← View series: machine learning
~/blog
Logistic Regression: Full Implementation
Theory is complete. This post runs logistic regression end-to-end on a real binary classification dataset: data loading, preprocessing, fitting, evaluation, hyperparameter sensitivity, solver comparison, and deployment. Every number is verifiable.
Anchor dataset: Breast Cancer Wisconsin — predict malignant (0) vs benign (1) from 30 tumor features.
from sklearn.datasets import load_breast_cancer
import pandas as pd
import numpy as np
data = load_breast_cancer()
df = pd.DataFrame(data.data, columns=data.feature_names)
df['target'] = data.target # 0=malignant, 1=benign
print(f"Shape: {df.shape}")
print(df['target'].value_counts())
print(df[['mean radius', 'mean texture', 'mean area']].describe().round(2))Shape: (569, 31)
1 357
0 212
Name: target, dtype: int64
mean radius mean texture mean area
count 569.00 569.00 569.00
mean 14.13 19.29 654.89
std 3.52 4.30 351.91
min 6.98 9.71 143.50
max 28.11 39.28 2501.00
Class distribution: 212 malignant (37.3%) and 357 benign (62.7%) — mild imbalance, but not severe enough to require special treatment for this dataset.

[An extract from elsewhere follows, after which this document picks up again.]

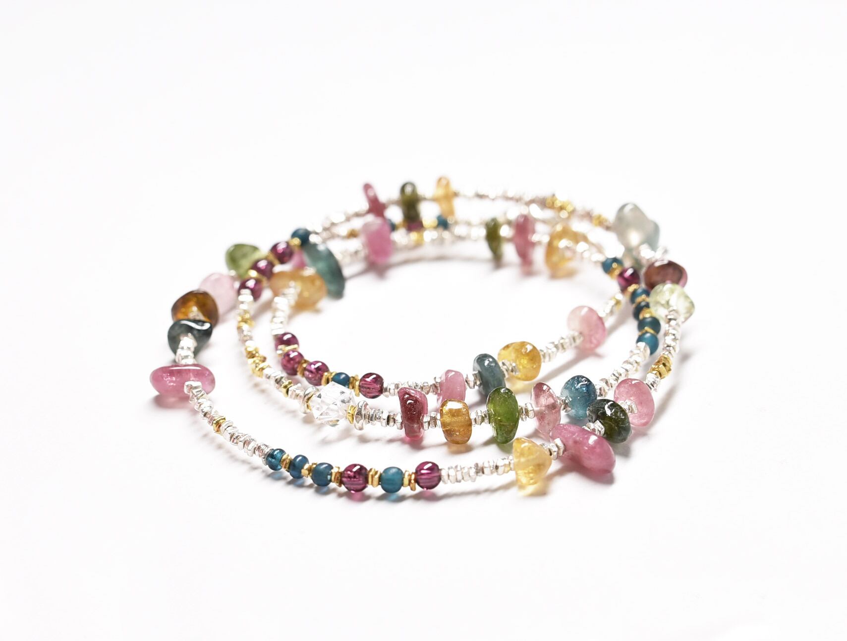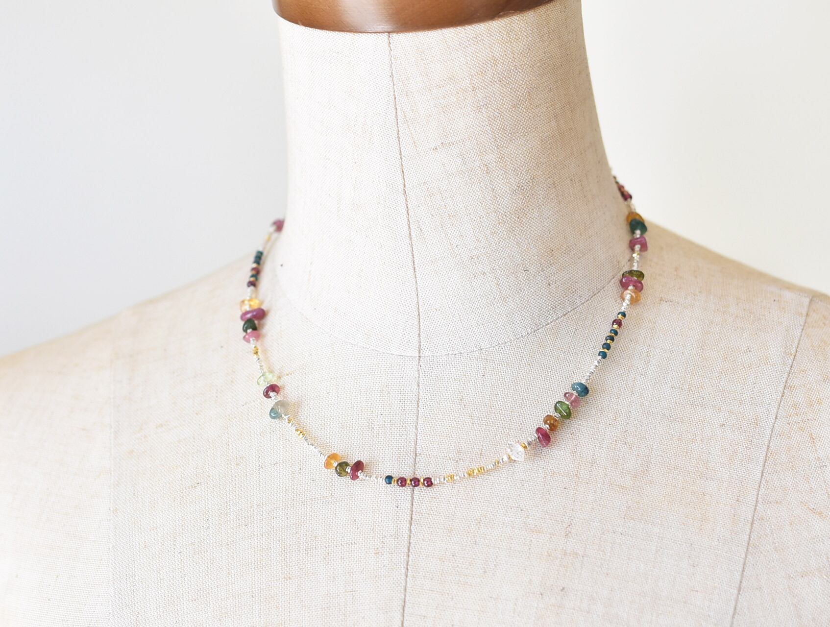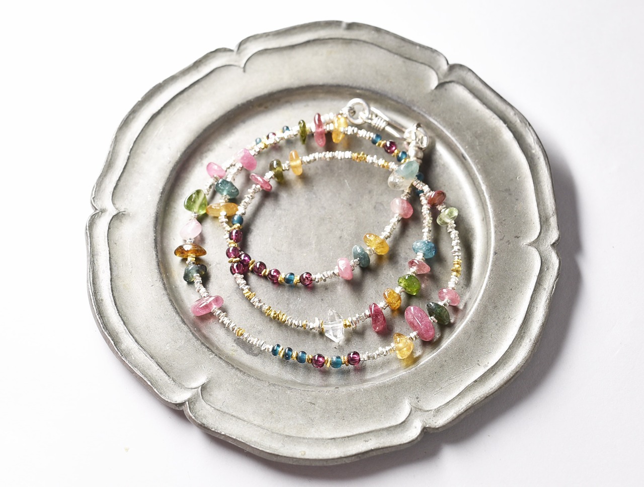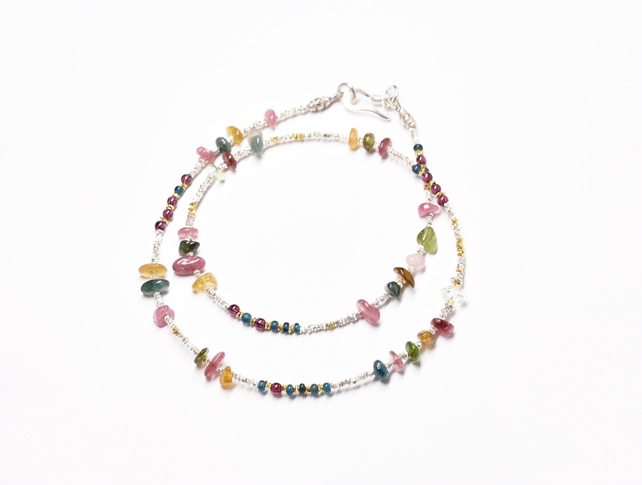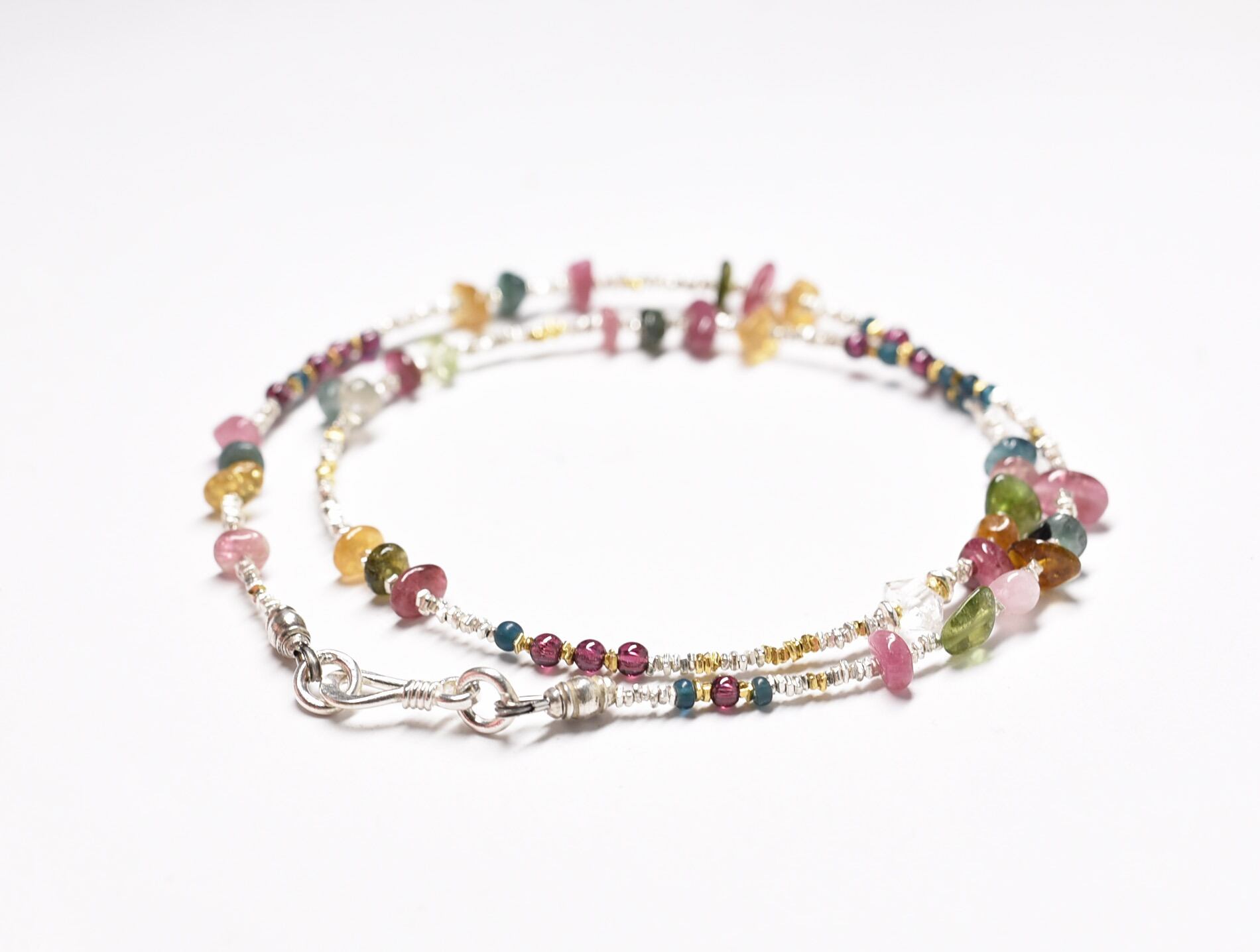 ハーキマーダイヤモンドとトルマリンとガーネット、インディゴブルービーズとカレンシルバーの華奢なネックレス

Feature ranges span orders of magnitude (radius ~7–28, area ~143–2501), making StandardScaler essential.
Train/Test Split and Preprocessing
from sklearn.model_selection import train_test_split
from sklearn.preprocessing import StandardScaler
X = data.data
y = data.target
X_train, X_test, y_train, y_test = train_test_split(
X, y, test_size=0.2, random_state=42, stratify=y
)
print(f"Train: {X_train.shape}, Test: {X_test.shape}")

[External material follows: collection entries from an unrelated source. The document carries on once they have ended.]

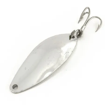Affichant 1/4oz (7g) sur la balance, le corps en forme de larme de cette cuillère ondulante fabriquée au Japon illustre le design simple et efficace privilégié par Mister Twister lors de sa période de production de leurres métalliques. La finition argent poli s'étend sur toute la longueur de 1 1/2" (4cm), offrant un flash à haut contraste sous l'eau. Sur le côté convexe, l'estampage affiche clairement le nom « Mister Twister Shelby Sportfisher » ainsi que son origine « Japan », un détail que les collectionneurs recherchent pour vérifier l'authenticité de l'exemplaire. Cet article particulier, portant le code produit 7444, est en excellente condition, avec une note de 5/5 pour ses surfaces propres et ses composants préservés. Un hameçon triple à finition argentée est solidement fixé à la queue via un anneau brisé robuste, tandis que le nez dispose d'un œillet d'attache pré-percé. La répartition du poids est équilibrée vers l'extrémité la plus large de la lame métallique, spécifiquement conçue pour les lancers longue distance ou les techniques de jigging vertical.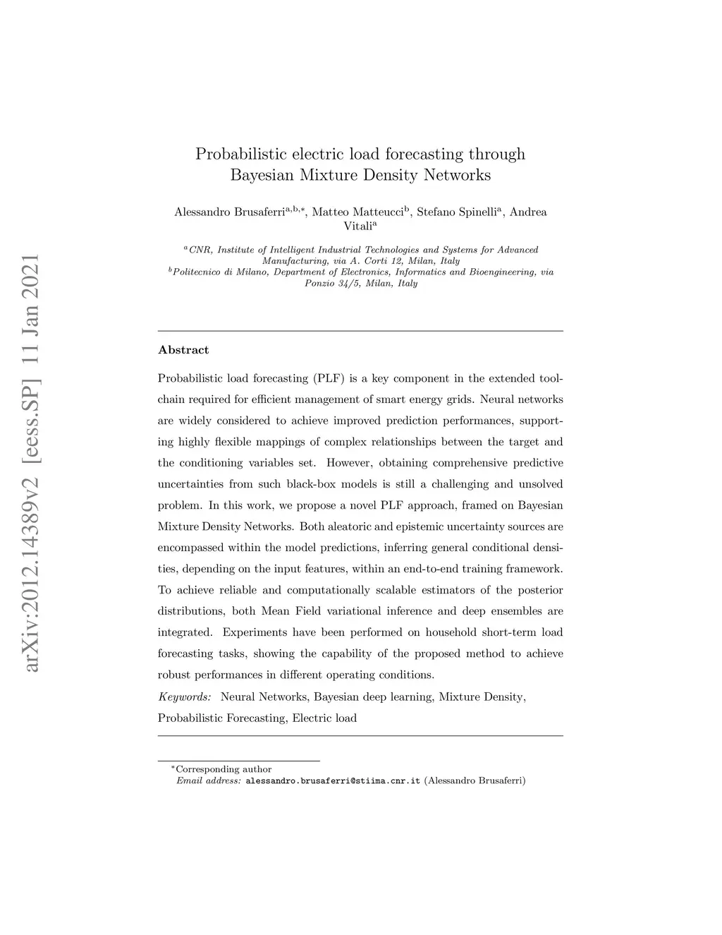 Probabilistic electric load forecasting through Bayesian Mixture Density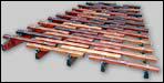 Hier finden Sie neben einer Strofidel (einem Xylophon, dessen Klangplatten ursprünglich auf Strohwalzen lagen)und einem Glockenspiel noch verschiedene Rhythmusinstrumente wie Fingercymbeln, Kastagnetten und Ratsche. |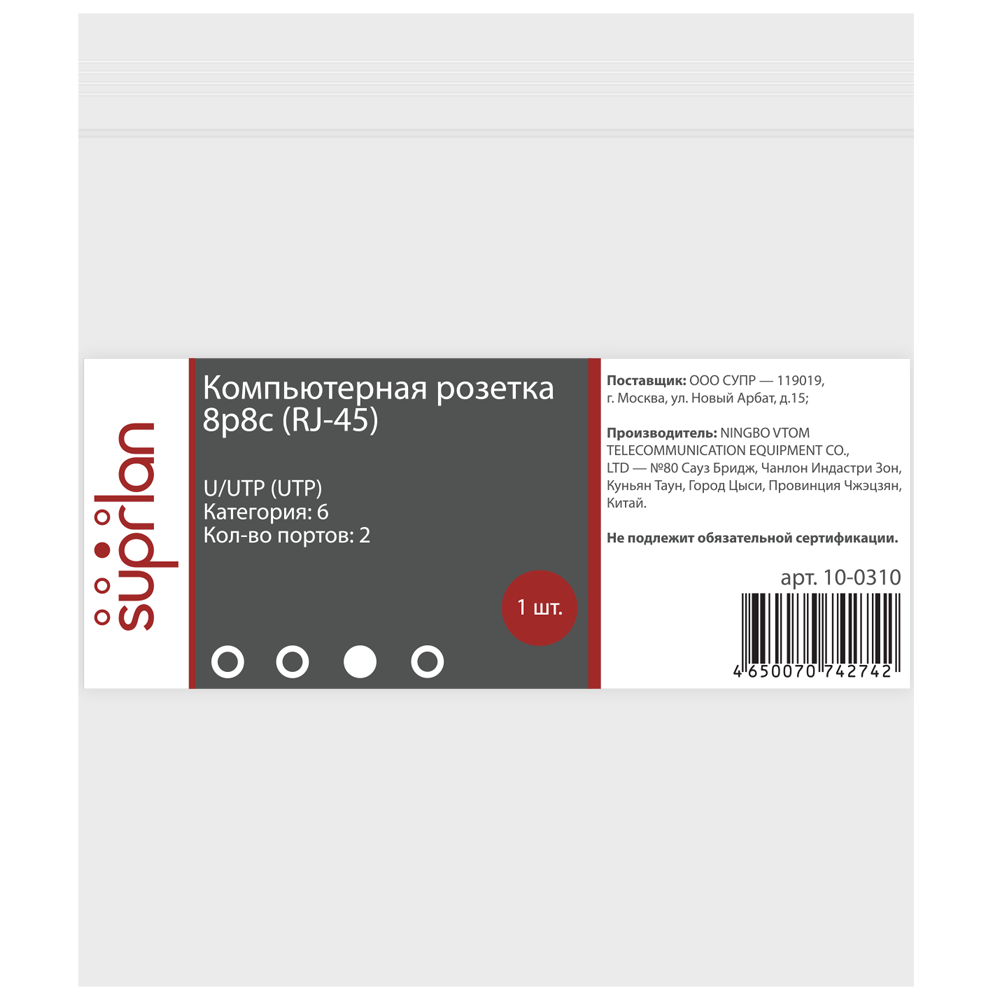 Полное описание товара Компьютерная розетка 8P8C (RJ-45), UTP, Cat.6, 2 порта (SUPRLAN) 10-0310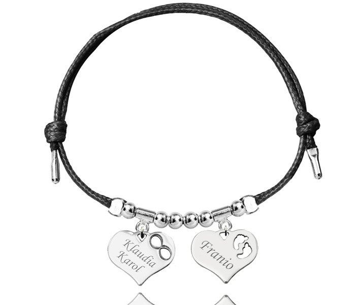 BRANSOLETKA Z GRAWEREM, BRANSOLETKA GRAWEROWANA. Śliczna bransoletka z serduszkami posiadającymi ażurowe wzory, w kształcie znaku nieskończoności oraz stópek. Na drugiej części serduszek wykonamy grawerunek. Srebrne elementy podwieszone na sznureczku tworzą ciekawą i wyjątkową biżuterię.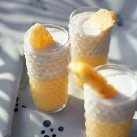 Combine all ingredients except garnish in a blender. Pour into tumblers, garnish with pineapple spears, and serve immediately.

print(f"Train class ratio: {y_train.mean():.3f}")
print(f"Test class ratio: {y_test.mean():.3f}")Train: (455, 30), Test: (114, 30)
Train class ratio: 0.627
Test class ratio: 0.632
stratify=y ensures both splits preserve the 63/37 class ratio. Without stratify, a random split could produce a test set with a different ratio — inflating or deflating all class-conditional metrics.
scaler = StandardScaler()
X_train_sc = scaler.fit_transform(X_train)
X_test_sc = scaler.transform(X_test)The scaler is fit on training data only — test set is transformed using training mean and std.
Fitting the Model
from sklearn.linear_model import LogisticRegression
model = LogisticRegression(C=1.0, solver='lbfgs', max_iter=10000, random_state=42)

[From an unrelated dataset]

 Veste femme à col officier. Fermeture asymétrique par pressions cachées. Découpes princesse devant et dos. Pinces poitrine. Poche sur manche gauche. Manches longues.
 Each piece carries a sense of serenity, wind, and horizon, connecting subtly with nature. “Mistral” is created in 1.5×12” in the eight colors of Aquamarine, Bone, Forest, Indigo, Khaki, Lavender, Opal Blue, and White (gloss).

model.fit(X_train_sc, y_train)
print(f"Intercept: {model.intercept_[0]:.4f}")
coef_series = pd.Series(np.abs(model.coef_[0]), index=data.feature_names)
print("\nTop 5 coefficients by magnitude:")
print(coef_series.nlargest(5).round(4))Intercept: 0.3524
Top 5 coefficients by magnitude:
worst concave points 2.8731
worst perimeter 2.3142
mean concave points 1.9823
worst radius 1.7156
mean area 1.5601
The largest absolute coefficients identify the most influential features. worst concave points = 2.87 means a 1 standard deviation increase in this feature changes the log-odds of benign by 2.87 — the strongest signal in the model.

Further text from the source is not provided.